Коль скоро вся схоластическая процедура классифицирования преподносится как деление понятий, само понятие является в ней ключевым. Оно существует не само по себе, а в форме названия (имени), которым это понятие обозначается. Очевидно, для того, чтобы название (имя) правильно отражало идею или сущность, оно должно само по себе быть «правильным», истинным. Из этого следует, что название (имя) значимо: оно не случайно относительно своего денотата, имя вещи в некотором смысле и есть сама вещь, правильно поименовать её, подыскать подходящее название (nomen proprium) – значит правильно определить её (Лосев, 1993). Эти представления оказали огромное влияние на формирование ранних правил формирования таксономических названий (см. 3.4, 3.5).
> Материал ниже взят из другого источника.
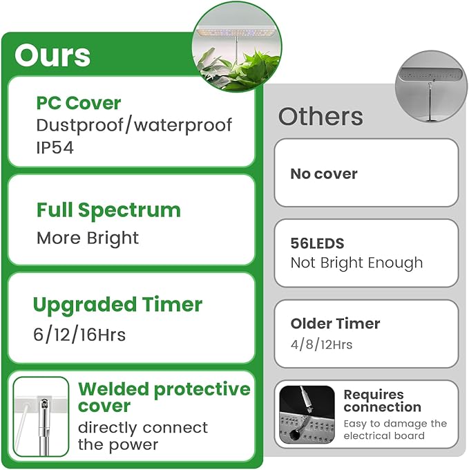 - Upgraded Plant Grow Light: This plant lamp is equipped with PC cover, and a protective sleeve is welded to the lamp board interface. Not only is it waterproof, it also provides safe lighting protection.5.2 in metal base and anti slip pads ensure stability.

Значение базовых принципов классификационной родовидовой схемы для развития биологической систематики чрезвычайной велико. Принятие её за основу одарило биологию вышеупомянутой (см. 2.1) классификационной философией, надолго определив характер биологических исследований (Stafleu, 1971; Wilkins, 2003). В целом доминирующий тренд этого развития складывается из соотношения двух несовпадающих векторов: один из них задаётся приспособлением систематики к схоластической рациональности, другой – приспособлением этой рациональности к задачам систематики, вытекающим из понимания природы классифицируемого разнообразия. Поначалу биологическая систематика формировалась на основе вполне буквального применения этих принципов (продолжение схоластической традиции, см. 3.4), позже – путём их преодоления (эмпирика, типология, филогенетика, см. 4.1, 4.14.2, 4.3). При этом некоторые элементы схоластического метода (в широком смысле) то предаются анафеме и забвению, то странным образом вновь возникают в разных её современных школах.
Так, иерархическая форма родовидовых отношений остаётся основной независимо от того, трактуется она номиналистически или реалистически. Однако дедуктивный («сверху вниз», деление) характер этих отношений реализован в немногих, главным образом ранних классификационных подходах, чаще же выделение групп проводится на индуктивной основе («снизу вверх», объединение). Согласно линнеевской парадигме (начиная со второй половины XVIII века) ранги таксонов фиксированы, но логики, фенетики и филогенетики XIX–XX столетий неоднократно возвращаются к исходной схоластической трактовке (см. соответствующие разделы). Роды и виды (в общем случае таксоны), поначалу номинальные, в фенетике таковыми и остаются, но в эволюционной систематике по большей части обретают реальный (объективный) статус, особенно категория вида. Схоластическая традиция поиска подходящих имён унаследована ранней систематикой вплоть до Линнея, но позже её отвергли, поскольку она порождала хаос таксономических названий.